E já aí aprendemos sobre a flor símbolo basco, a Eguzklore, ou flor do sol, que aparece representada em varias produtos: broches, pendentes, brincos, quadros de madeira. Diz a lenda que a Eguzklore era pendurada na porta de entrada das casas para protegê-las dos maus espíritos. Os espíritos chegavam pra levar as crianças, mas precisavam adivinhar quantas pétalas tinham a flor. Como não sabiam contar, se perdiam e não levavam as crianças. Tem como não levar uma para casa?

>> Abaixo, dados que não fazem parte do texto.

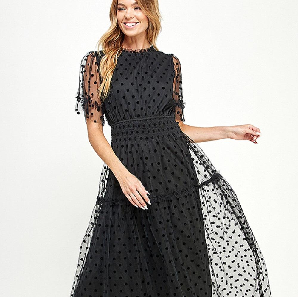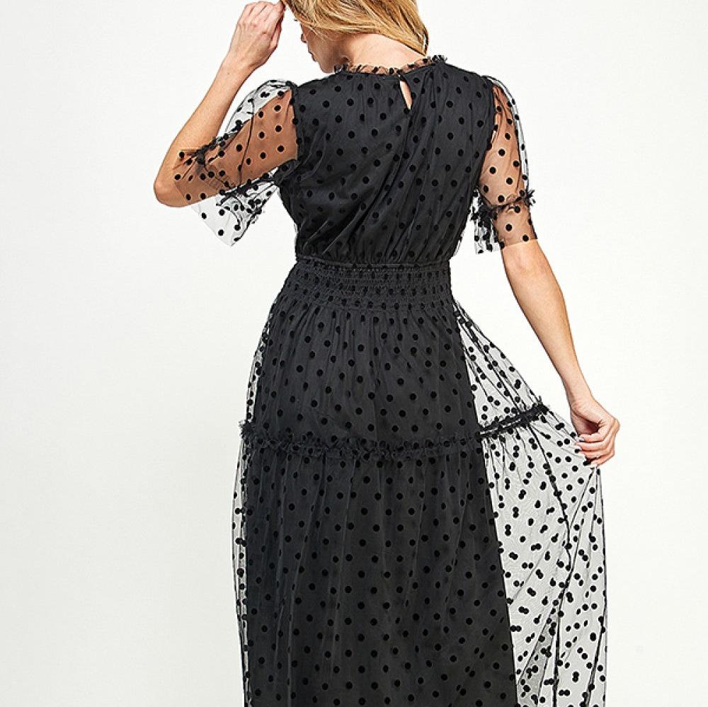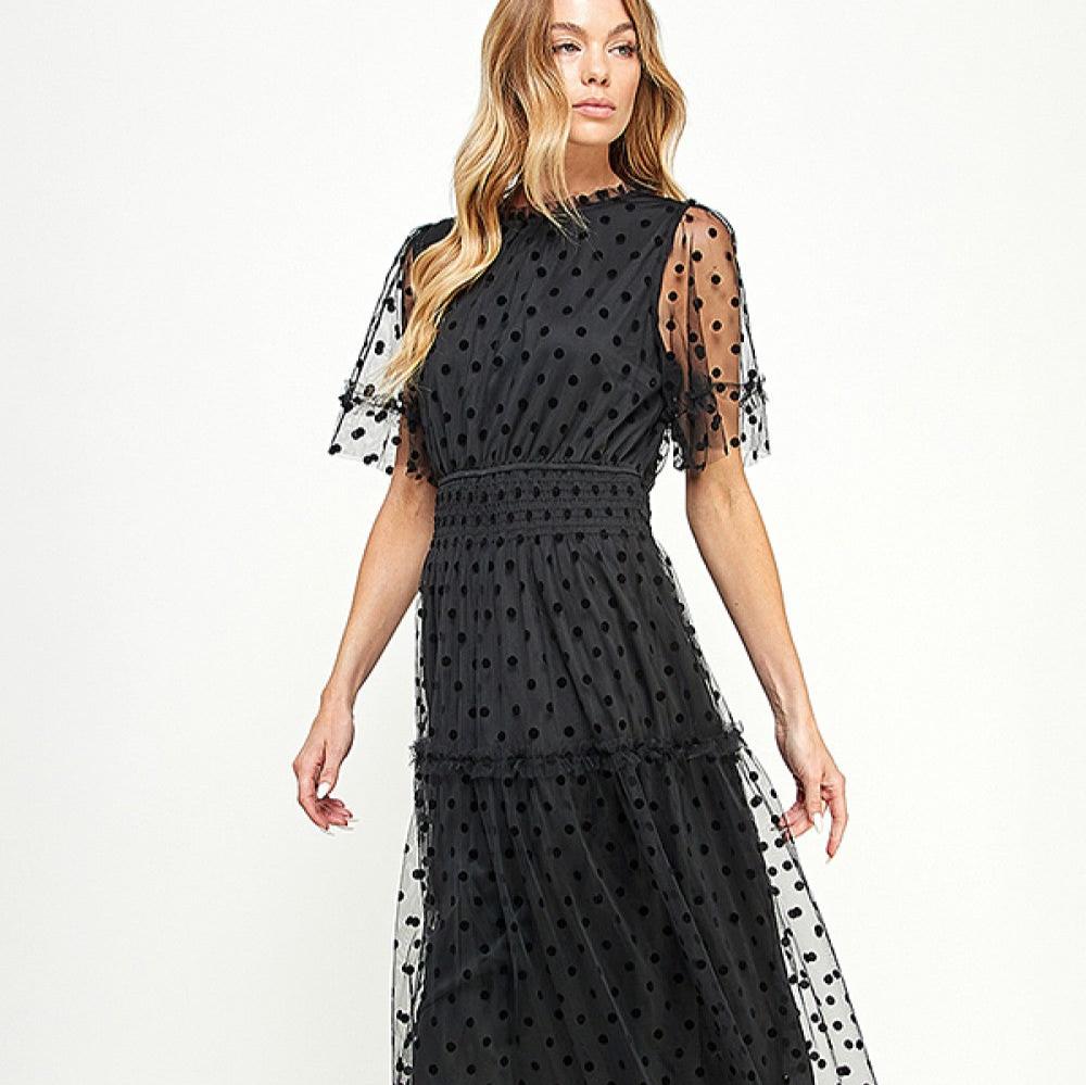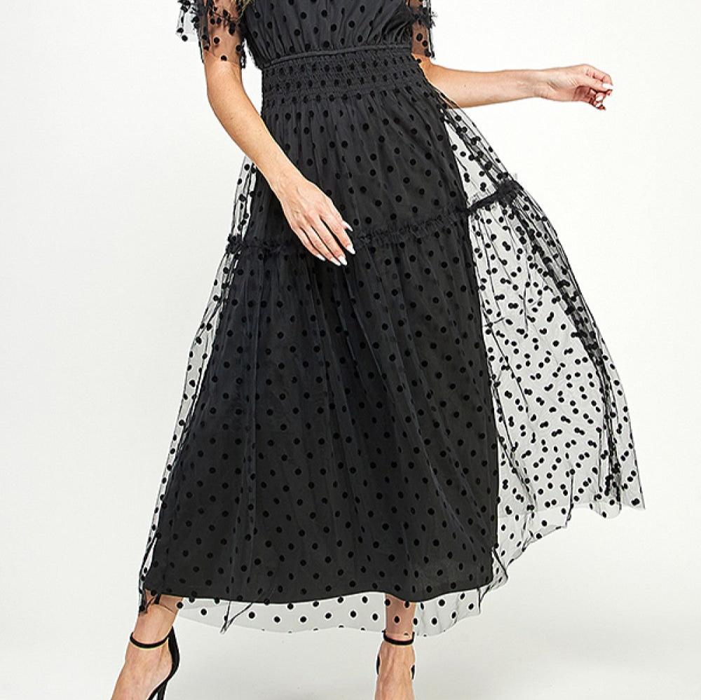 Polka Dot Mesh Midi Dress

Infelizmente (ou felizmente!) a feira fecha para o almoço às 13 hs (volta a abrir às 17) e tivemos que seguir caminho até o Mercado da Ribeira. E aí, é o seguinte: guarde toda a sua fome para se deleitar nesse lugar. Não pense que vai encontrar restaurantes formais, com menus e pratos normais. O lance ali são os pintxos, que são pequenas porções de coisas deliciosas, normalmente servidas sobre uma pequena fatia de pão. Para ter uma ideia, comi uma coisa deliciosa que tinha: a fatia redonda do pão, uma fatia de presunto de Parma, uma rodela generosa de queijo de cabra e uma geleia de cebola e frutos vermelhos! Aí vc pede uma taça de vinho e paga por isso tudo 3 euros, sendo que o vinho é mais barato que uma garrafinha de água. O Mercado tem um monte de lugares, com suas especialidades e o legal é você ir comendo de um e de outro, provando de tudo. Alguns lugares servem porções de paella ou de pizza, mas, vá por mim, esqueça essas coisas corriqueiras, coma pintxos. Muitos. Variados. E beba Rioja ou cervejas artesanais. Programa absolutamente imperdível!

Depois da comilança nos restou bater perna pelos becos da cidade antiga. Infelizmente (ou felizmente) era hora da siesta do comércio e quase tudo estava fechado. Mas deu pra perceber lugares muito interessantes, com o povo bebendo (e fumando!) nas calçadas. Voltaremos.